QcrA plays a crucial role in electrogenic respiration through its participation in the QcrABC complex. Research has revealed the following mechanisms:

• Proton-motive electron transfer: The QcrABC complex (containing QcrA) functions as a proton-motive menaquinol-cytochrome c reductase that couples electron transfer to proton translocation across the cytoplasmic membrane. This process:

  • Oxidizes menaquinol (E°'≈ -75 mV)

  • Transfers electrons through the iron-sulfur cluster in QcrA to cytochrome c

  • Contributes to the proton-motive force with a H⁺/2e⁻ ratio of 2

• Role in alternative respiratory pathways: Contrary to previous assumptions, studies in C. jejuni have demonstrated that QcrABC is essential for electron transport to periplasmic Nap and Tor reductases, which mediate nitrate and TMAO respiration:

  • A qcrABC deletion mutant was completely deficient in oxygen-limited growth on both nitrate and TMAO

  • The mutant was unable to reduce these oxidants with physiological electron donors

  • Growth on fumarate remained normal under oxygen-limited conditions

This finding is significant because it demonstrates that periplasmic Nap and Tor reductases receive electrons via QcrABC rather than through direct quinol dehydrogenases, explaining the general absence of NapC and TorC quinol dehydrogenases in Epsilonproteobacteria .

What role does QcrA play in bacterial stress responses and antimicrobial resistance?

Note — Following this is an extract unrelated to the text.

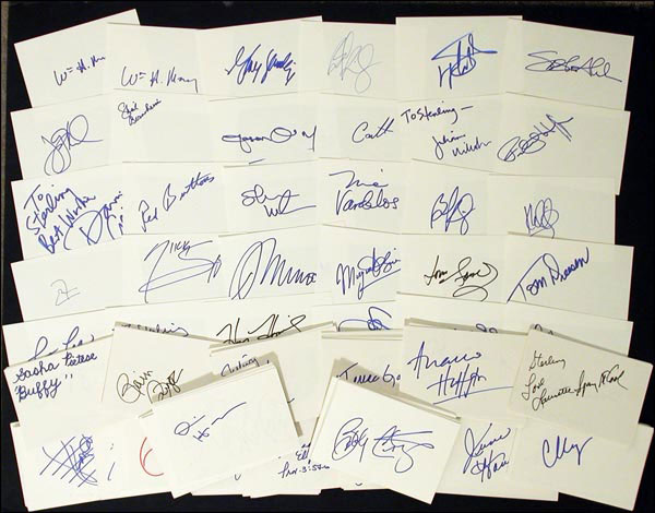 Tremendous lot of 250 ink and felt tip celebrity signatures, each on a separate 6 x 4 white card, and each obtained in person. Signers are: Lily Tomlin, John Glover, Bonnie Hunt, June Haver, Gary Shandling, Drew Carey, Wayne Brady, David Hasslehoff, Fred Willard, Rain Pryor, Mario Van Peebles, Christopher McDonald, Christina Applegate, Breckin Meyer, Jim Sheridan, Peter Saarsgard, Maggie Gyllenhaal, Isaac Mizrahi, Dave Koz, Ed Begley, Jr., Francis Ford Coppola, Jon Favreau, Jennifer Tilly, Donald Trump, Lance Bass, Lisa Rinna, Daisy Fuentes, Stephen Dorff, Josh Charles, Skelley Morrison, John Waters, Annette O'Toole, Michael McKeon, Carson Kressley, Matt Stone, Alyssa Milano, Russell Simmons, Norman Lear, Marcia Wallace, Mark Ruffalo, Marla Maples, Elizabeth Forsythe Hailey, Marilu Henner, Greg Evigan, Isabella Miko, Richard Anderson, Robert Hayes, Eric McCormick, Stan Lee, Hugh Heffner, Daryl Satora, Stella Stevens, Sam Harris, Michael Richards, Dr. Phil McGraw, Robert Osborne, Donna Pescow, Eva Marie Saint, Joey Fatone, Tom Arnold, Tia Carrera, Ron Silver, Mr. T., Bill Maher, Joshua Jackson, Jeff Corwin, Richard Crenna, Carson Daly, Joey McIntyre, Jacob Vargas, Sasha Pietese, Jamie Strange, Rebecca Creskoff, Emily Vancamp, Peter Bogdonovich, William H. Macy, Jason Hervey, Dana Delany, Rene Russo, Simon Baker, Ken Krageu, Marianne Jean Baptiste, Poppy Montgomery, Joey Lauren dams, Howard Hessman, Jane Fonda, Carole Cook, Carol Channing, Bonnie Franklin, Jeffrey Tambor, Florence Henderson, Stefanie Powers, Nancy Dussault, Heather Thomas, Albert Brooks, Valerie Perrine, Brad Garrett, Carol Burnett, Teresa Ganzel, Richard Benjamin, Marlee Matlin, Catherine Bach, Camryn Manheim, Victoria Rowell, Robert Goulet, Richard Schitt, Mr. Blackwell, Johnnie Cochran, Arianna Huffington, Barbara Sinatra, Angie Dickinson, Nancy Olson, Tom Verica, Janel Maloney, Noah Hathaway, Victor Garbe, Christian Slater, Sally Field, Gena Rowlands, Valerie Harper, Marilyn and Alan Bergman, Larry Moss, William Smith, Barbara Luna, David Faustino, Dale Robertson, Sue Anne Langdon, Larry Manetti, Katharine Ross, Sam Elliott, Lloyd Schwartz, Kent McCord, Jack Larson, Art Linkletter, Lynette Spang McCook, The Smothers Brothers, Bonnie Hunt, Norm Crosby, Eddie Griffin, Mitzi Gaynor, Pauly Shore, Tim Stack, Robert Costanzo, Dennis Farina, Lynne Stewart, Pat Harrington, Joe Montegna, Kevin Nealon, Mindy Sterling, Jerry Bruckheimer, Edward Furlong, Ted McGinley, Matthew Perry, Danielle Fischel, James Avery, Dennis Hopper, Sally Kellerman, Michelle Phillips, Jacqueline Bisset, Joanne Worley, Monty Hall, Reba McEntire, Ken Howard, Doris Roberts, Charles Nelson Riley, Rhonda Fleming, Phyllis Diller, Joan Van Ark, Burt Bacharach, Sharon Gless, Christine Lahti, Amy Brenneman, Michelle Klunie, Hal Sparks, Peter Paige, Scott Lowell, LL Cool J, Sasha Alexander, Shirl Bernheim, Jason O'Mara, Caitlyn Wachs, Juliane Nicholson, Felicity Huffman, Ruta Lee, Tom Dreesen, Louis Gossett, Jr., Margaret O'Brien, Michael Moore, Nikki Sixx, Don Cheadle, Kimberly Williams, Brad Paisley, Nia Vardalos, Steven Weber, Red Buttons, Davis Gaines, Terry Moore, Roger Moore, Mira Sorvino, Loni Anderson, Lacey Chabert, Candy Clark, Dina Merrill, Sam Harris, Harry Hamlin, David Rasche, Lance Henrickson, Ed Harris, Ruth Buzzi, Victoria Pratt, Nick Stahl, Debbie Allen, Leonard Nimoy, Kato Kaelin, Dedee Pfieffer, George Barris, Richard Hatch, Kathryn Crosby, Lee Meriwether, Anne Jeffries, Hugh O'Brien, Carol Conners, Karen Sharpe Kramer, Ronald Isley, Patricia Morison, Jack Lalanne, John Eddie, Sharon Lawrence, E. G. Daily, Donna Douglas, Tyne Daly, Telma Hopkins, Dennis Weaver, Pamela Bellwood, Debby Boone, John Rhys Davies, Angela Lansbury, Joannie Lauer, Bo Svenson, Richard Thomas, Betty White, Marsha Thompson, Jonathan Lipinski, Holly Robinson, George Lopez, Wallace Shawn, Neal McDonough, Barry Levinson, John Edward, Gallagher, Donna Mills, Leigh Taylor Young, Kathy Baker, Pamela Reed, Michael Cole, Sally Kellerman, Deborah Gibson, Johnny Galecki, Cyndi Garvey, James Darren, Alex Rocco, Hugh Grant, Barbara Feldon, David Steinberg, Bonnie Franklin, Helen Mirren, Ann Rutherford, Rita Lee, Chita Rivera, Pat Boone, Bea Arthur, Rhonda Fleming, Paula Lane, James Avery, Karen Morrow, Cyd Charisse, Jayne Meadows, Rob Marshall, Rip Taylor, Tony Martin, Orlando Jones, Tippi Hedren, Harry Dean Stanton, Julianne Moore, Edy Williams, Charles Durning, Norm Crosby, Esther Williams and Joseph Bologna. There are some duplicates to the aforementioned names, and some signers have also added inscriptions or sentiments. In fine condition. RRAuction COA.

Recent research has identified several critical roles for QcrA in bacterial stress responses:

• Reactive oxygen species (ROS) generation: Under conditions of membrane depolarization, QcrA has been implicated as a source of lethal levels of superoxide radicals:

  • Evidence suggests that QcrA delocalizes after membrane depolarization

  • Detachment of QcrA from complex III potentially leads to superoxide radical formation

  • This mechanism may explain why membrane-targeting compounds are successful in eradicating antibiotic-tolerant persister cells

• Metal stress responses: QcrA and its iron-sulfur cluster are key targets of copper toxicity:

  • Copper ions, particularly Cu(I), destabilize the iron-sulfur cluster

  • This destabilization leads to a cascade of events affecting iron homeostasis

  • The resulting deregulation affects multiple pathways associated with iron and sulfur homeostasis

• Regulatory network: A proposed model of interdependent copper, iron, and sulfur homeostasis suggests that:

  • Cluster-destabilized scaffold proteins like QcrA enhance intracellular sequestration of iron and sulfide pools during copper stress

  • This results in increased ratios of apo-Fur repressor, releasing expression of iron acquisition genes

  • There is also upregulation of sulfur assimilation and cysteine biosynthesis pathways

These findings provide insight into the complex interplay between metal homeostasis, respiratory function, and antimicrobial resistance mechanisms in bacteria.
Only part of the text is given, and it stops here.